Recherche: Découvre les chemins et répertoires Web cachés lors des tests de sécurité.
- Atténuation : utilisez .htaccess ou des règles de serveur pour restreindre l'accès, supprimer les répertoires inutilisés et sécuriser les chemins Web sensibles
Suite rots : Une suite complète de tests de sécurité Web avec des capacités d'analyse de force brute et de vulnérabilité.
- Atténuation: Corrigez régulièrement les applications Web, effectuez des tests d'intrusion et surveillez les activités anormales de force brute.
CMRecherche : Se concentre sur la découverte et l'exploitation des vulnérabilités du CMS lors des tests.
- Atténuation: Gardez les plates-formes CMS à jour, sécurisez les configurations et limitez les tentatives de force brute avec des plugins de protection.
Jeton, médias sociaux et outils divers
Craqueur JWT : Spécialisé dans le craquage des jetons Web JSON à des fins de tests.
- Atténuation: Utilisez des clés longues et sécurisées pour la signature JWT, appliquez des délais d'expiration courts aux jetons et rejetez les algorithmes faibles ou non signés.
SocialBox : Utilisé pour les tests de force brute des comptes de réseaux sociaux.
- Atténuation: Activez le verrouillage du compte après des tentatives infructueuses, appliquez l'authentification à deux facteurs et sensibilisez les utilisateurs à la sensibilisation au phishing.
Prédicteur : Un générateur de dictionnaire pour créer des listes de mots personnalisées pour les attaques par force brute.
- Atténuation: Surveillez les fuites d’identifiants, évitez d’utiliser des mots de passe par défaut faibles et appliquez des audits continus de sécurité.
Patator : Un outil de force brute polyvalent prenant en charge divers protocoles et méthodes.
- Atténuation: Mettez en œuvre une limitation du débit, des messages d'erreur personnalisés et des mécanismes de verrouillage de compte puissants pour ralentir les attaquants.

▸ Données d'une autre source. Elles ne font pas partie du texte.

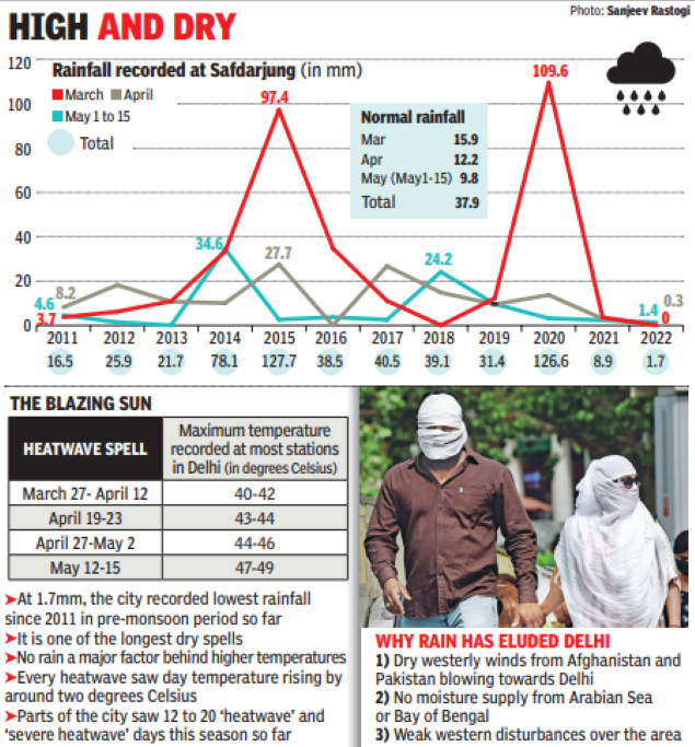 The IMD’s data shows not a single day in March received rain. In April, the city logged 0.3mm rainfall with just one rainy day on April 22. Similarly, May so far saw just one rainy day on May 5 with 1.4mm rainfall. In 2021, Safdarjung received 8.9mm rain between March 1 and May 15, while the corresponding figure for 2020 was 126.6mm.

Nettracker : Automatise les tâches de tests d'intrusion, y compris la force brute et d'autres évaluations.
- Atténuation: Surveillez régulièrement les journaux réseau, isolez les informations d’identification des tests et assurez-vous que les outils de pénétration sont gérés en toute sécurité.
Réflexions finales et mesures avancées de prévention des attaques par force brute
Des outils avancés tels que des logiciels d'analyse comportementale, des pots de miel et des bloqueurs de réputation IP peuvent détecter et arrêter les menaces avant qu'elles ne s'installent. Ces mesures proactives s’ajoutent aux principales, comme l’authentification multifacteur et les mots de passe forts, pour créer une défense à toute épreuve.
Apprendre à prévenir les attaques par force brute signifie penser à long terme. Associer des stratégies intelligentes à des outils de prévention des attaques par force brute permet de protéger vos systèmes même contre les attaquants les plus persistants. Restez vigilant, restez adaptable et considérez la cybersécurité comme un investissement dans votre avenir.